В этот раз лев не стал останавливаться, он звучно рыкнул на собаку, приподняв губу, из-под которой блеснул желтый клык, и в глазах его мерцало раздражение. Я очень хотел позвать Сильку, крикнуть: «Ко мне, Силечка!», чтобы он прыгнул ко мне, чтобы одну секунду был счастлив от того, что его любят, что он не должен умирать один, что пусть я не смогу его защитить, но умру рядом. Но я не мог, губы мои пересохли, как пересохло во мне все, все мое естество отказалось от жизни, кроме легких, гоняющих воздух сквозь стиснутые губы.

Я думаю, пес очень ждал этого окрика, этой команды от меня, он весь сжался, и только его одиноко торчащее ухо развернулось ко мне и слушало, пытаясь услышать хоть какой-то намек, но я молчал. И тогда пес перестал сжиматься и надеяться. На моих глазах собака расправила свою грудь, ее лапы спокойно распрямились, и я понял, что собака успокоилась. А потом Силя повернул ко мне свою морду, посмотрел на меня, весело так, лизнул свой нос, подмигнул так, как только он умеет и, звонко лая, побежал навстречу льву.

Надеюсь, я кричал. Слезы брызнули ручьем, а душу рвали боль и обида. В голове стучала одна мысль: «Зачем?», а губы послушно кривились, выводя так нужное чуть раньше: «Силечка, ко мне!». Слезы почти лишили меня зрения, но я видел глаза льва, и в них было сообщение: «Будут биты все». Силька завизжал больно, страшно и долго. Я должен был кричать, обязан.

Позднее, когда мне показали видеозапись, я узнал, что ничего я не кричал. В тот момент, когда моя собака пошла умирать за меня, я упал, свернулся клубком и тихонько заплакал, как маленькое дитя.

глава 12

– Знаешь, Александр, я бы помер на твоем месте, – Егорыч смотрел на меня широко раскрытыми глазами, полными восхищения, – ну, если бы не помер, то точно обделался бы!

Второй раз меня навещал мой начальник в больнице и второй раз восхищенно смаковал события моей встречи со львом.

– Я, когда первый раз запись смотрел, чуть не надудонил в штаны, – Емельянов продолжал свой монолог, при этом свои слова он сопровождал уймой движений. Он махал руками, приподнимаясь на носочки, в момент, когда руки резко взлетали вверх, кружился вокруг своей оси, как будто танцуя, и приседал.

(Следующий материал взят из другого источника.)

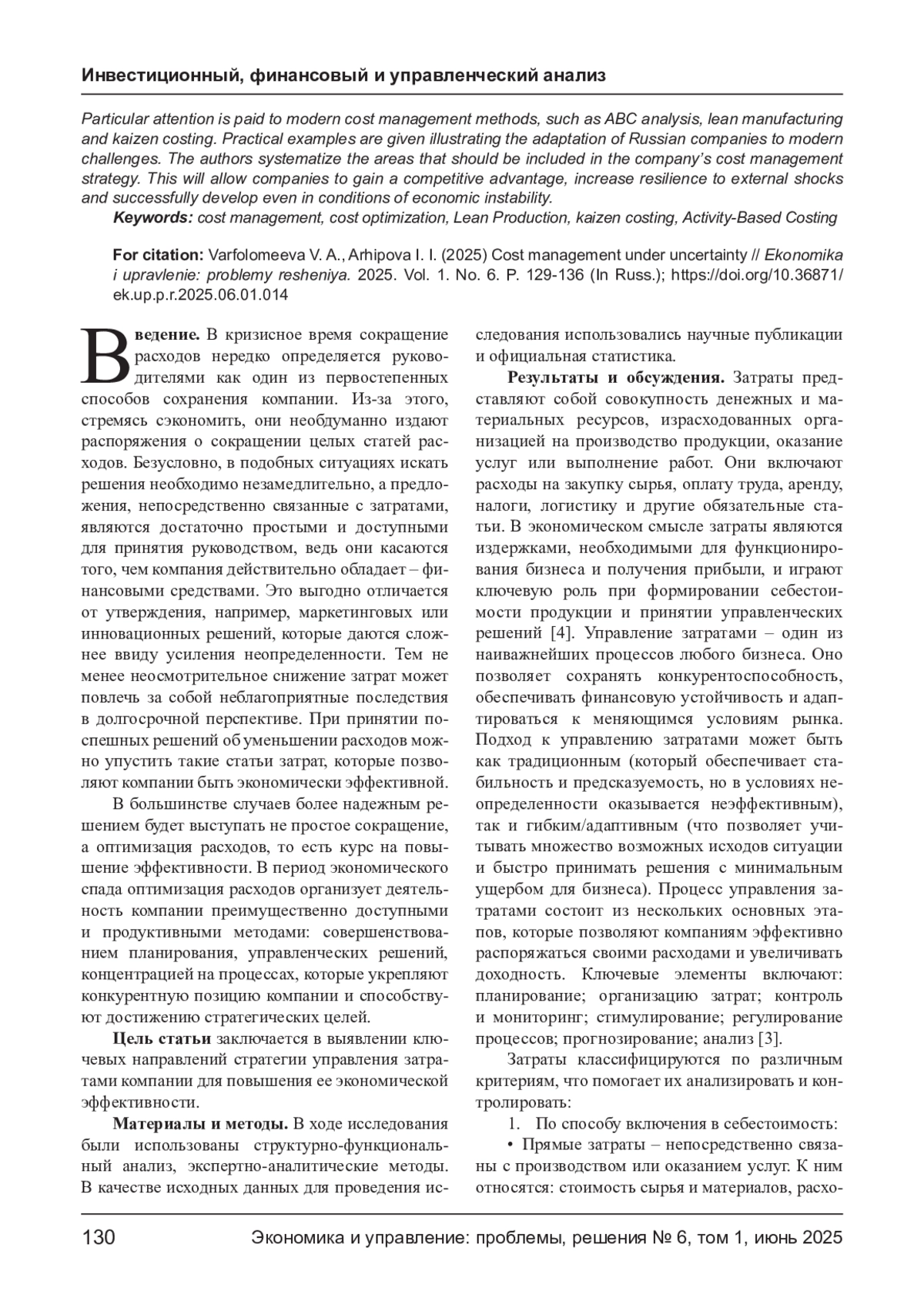 3. Григорян Ю. А. Аналитический обзор методов управления затратами и себестоимостью продукции организации // Экономика и бизнес: теория и практика. 2020. № 2-1 (60). С. 71-74. EDN: WMQPNF

– Игорь Егорьевич, да полно вам, – пытался я его успокоить, но эффект был обратным. Начальник еще больше таращил глаза, надувал щеки и, выкрикивая что-то поучительное и невнятное, хватал стул, теребил шторы и стучал пальцами себя по лбу. Странности трезвого Емельянова немного пугали.

Я еще никогда не был в такой больнице, вернее в больничной палате, всю больницу я не видел. Из рассказа лечащего врача я узнал, что привезли меня сюда в состоянии нервного срыва. Я был не в себе и не реагировал на внешние раздражители. Всю мою одежду выкинули, так как я был весь перемазан кровью, но каких-либо повреждений у меня не было, это была Силькина кровь. Что случилось со мной той ночью после Силькиного визга я не знал. На все мои расспросы Емельянов строго отвечал: «Это секретная информация! – а потом добавлял, – Подлечишься, все узнаешь. Знаешь, как тебя там все ждут!».

Кто эти все и где находится загадочное это там, он мне не сказал.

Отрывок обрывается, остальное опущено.